Fire with Fire was just dire. There was no overarching theme, it was badly written, it was loads of odd anecdotes cobbled together, there was not one memorable or salient point in it. It was very anti-women, in a way, because it just gave the anti-feminist crew a load of fuel to burn: "this is what the nutjob feminists think!" etc. I have a signed copy somewhere. I was delighted to get my hands on it when it was published. Not so much once I had read the thing!

Misconceptions was good in ways, but very naive (yes! natural childbirth without pain relief is not easy! shock! that's why lots of women opt for pain relief! advance prep and meditation are often not enough to ward off the intense pain! who knew!) and very idealistic.

I think the biggest problem with her writing is that she personalises everything. For example, she was pro-choice until she got pregnant and realised that life is a miracle and then suddenly became a bit less pro-choice, based on her own personal experience of pregnancy.

I think she is missing the big issues (issue of consent, pornification of modern life, the imbalance between men's and women's roles; women have made huge inroads into the professional world, ut men have not done the same with regard to homemaking and child rearing, why is that) and this latest book seems to be very esoteric and conservative.

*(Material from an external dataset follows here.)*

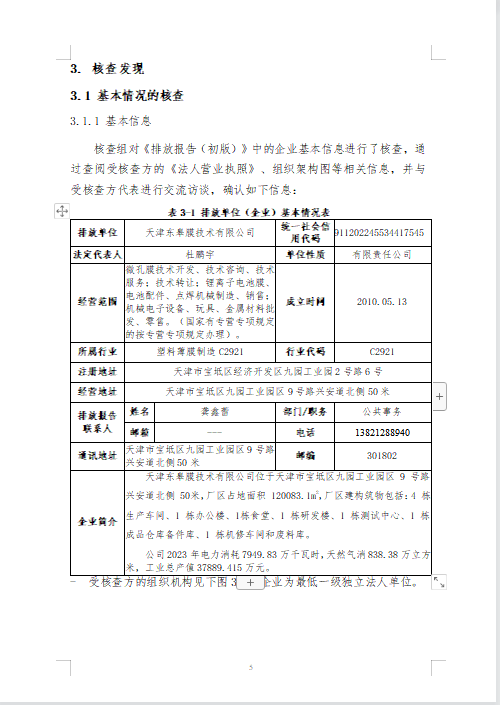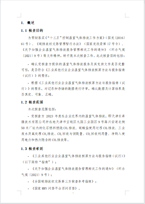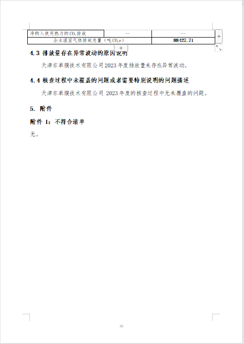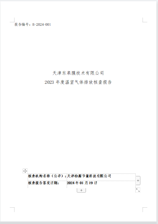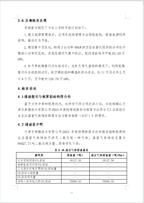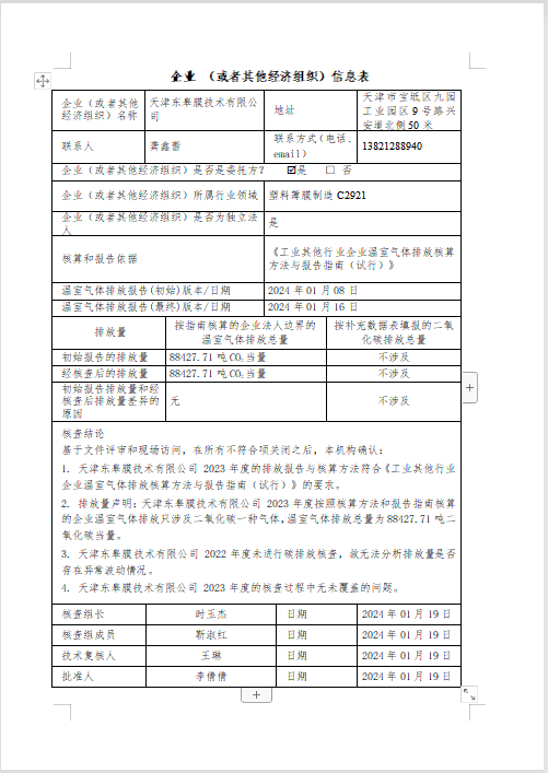 天津东皋膜技术有限公司 2023年度温室气体排放核查报告 -凯时kb88官方

TunipTheVegemal · 05/09/2012 19:01

The Beauty Myth was good though it was not hugely original - Friedan and Greer and others had said a lot of it before. But she said it well and engagingly enough that it is still worth recommending.
She couldn't win with her appearance - if she'd been less attractive she'd have been accused of only writing the book for that reason.

I think you are exactly right, Greythorne - she starts from her own experience, which is fine, but isn't good at working out how it differs from everybody else's. I remember the disappointment of Fire With Fire. The thesis of that book was 'women already have power, all they need to do is reach out and grasp it!' - because SHE had power at that point, stemming from the success of The Beauty Myth. It was a horrible book, stigmatising as 'victim feminism' the feminism that acknowledges the bad things that happen to women.